The predictions that are made are more accurate than they were last year, the year before that, and I am sure they are more accurate than 1987. This will be down to learning what has gone before. Understanding the patterns and impact of events allows us to better understand what the future will hold, although I’m not sure if weather forecastsing will ever be as accurate as portrayed in Back to the Future Part II.
Given that my blog is Scrum/Agile related, you have probably already guessed where this is heading, yes the good old Sprint forecast.
During every Sprint Planning session we use empirical evidence to try and forecast the amount of work that we believe can be completed during the next Sprint. We will look at the amount of work that we were able to achieve in the last Sprint (and maybe the two or three Sprints before that). We will consider if the upcoming work is or the same size and/or complexity and/or requires the use of the same skill set or technology. We will consider if anyone has any planned leave or training. We will look at dependencies that there may be on other teams. We may even consider environment availability. The list is by no means everything that could be considered and there is the potential for it to be endless.

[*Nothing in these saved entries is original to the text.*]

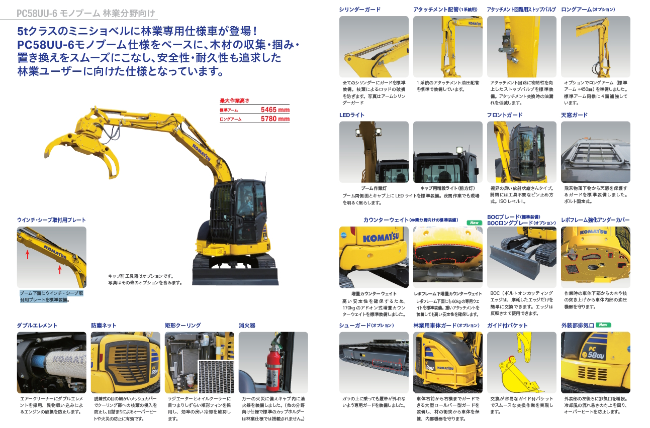 - 主なオプション:林業用車体ガード、4面補強ロングアーム、ボルトカッティングエッジロングブレード、キャブ前工具箱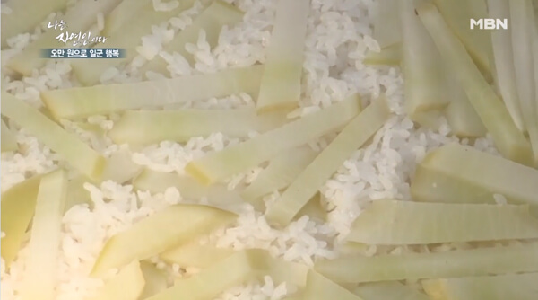 밥맛이 좋기로 소문난 맛집의 비법을 보면 무를 사용하는 경우가 많다. 밥을 지을 때 무를 넣으면 무의 단맛이 밥에 배어들어 달큰한고 맛있는 밥을 즐길 수 있다. 먼저 깨끗이 씻은 무의 껍질을 벗긴다. 무를 적당한 두께로 채를 썰어준다. 쌀은 여러 번 씻어서 물에 불려준다. 밥솥에 불린 쌀을 넣고, 물의 양은 보통 밥 지을 때보다 밥물을 약 10% 정도 적게 넣어준다. 위에 채를 썰어둔 무를 가득 올려준다. 하나의 팁으로 불린 표고버섯을 채를 썰어 넣어주면 맛과 향이 풍부해져 감칠맛이 좋은 밥맛을 즐길 수 있다.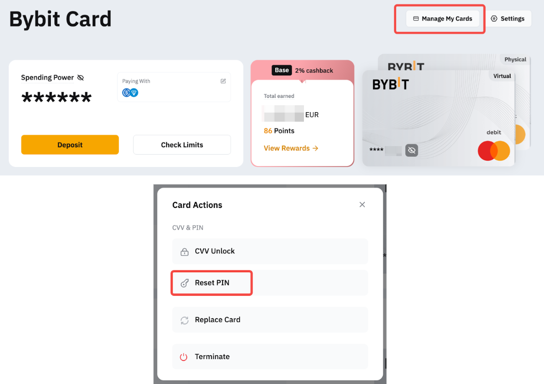 6. Reset Bybit Card PIN

At the end of the Sprint Planning session we have our best guess at what could be achieved if all things remain equal, but as you know, and quoting Robert Burns,
“The best laid plans of mice and men often go awry.”
But why do things go awry? Well, during that Sprint Planning session a Scrum Team will be looking to plan activities for up to four weeks. It doesn’t matter how much time you spend planning, how much historical data and evidence you use, things will change. As and when they change the team may need to adapt the plan, which is what you should do as an agile team. However, that may mean you only deliver a proportion of what you originally thought possible.
In 1952 the Met Office started using computer models to generate a weather forecast. At that time a 24 hour forecast took four hours of computing time. Trials for operational forecasting began in the early 1960’s, but it was concluded that a more powerful and reliable computer was required. In 1965 a new computer using transistors was installed at a cost of £500,000, which was capable to 60,000 arithmetic operations per second, with a memory of 12,000 numbers. Installation started of the current Met Office supercomputer in 2015, with installation completed in 2017. This computer has 460,000 cores, 2 petabytes of memory, 24 petabytes of space for storing data, delivering a peak performance of 16 petaflops.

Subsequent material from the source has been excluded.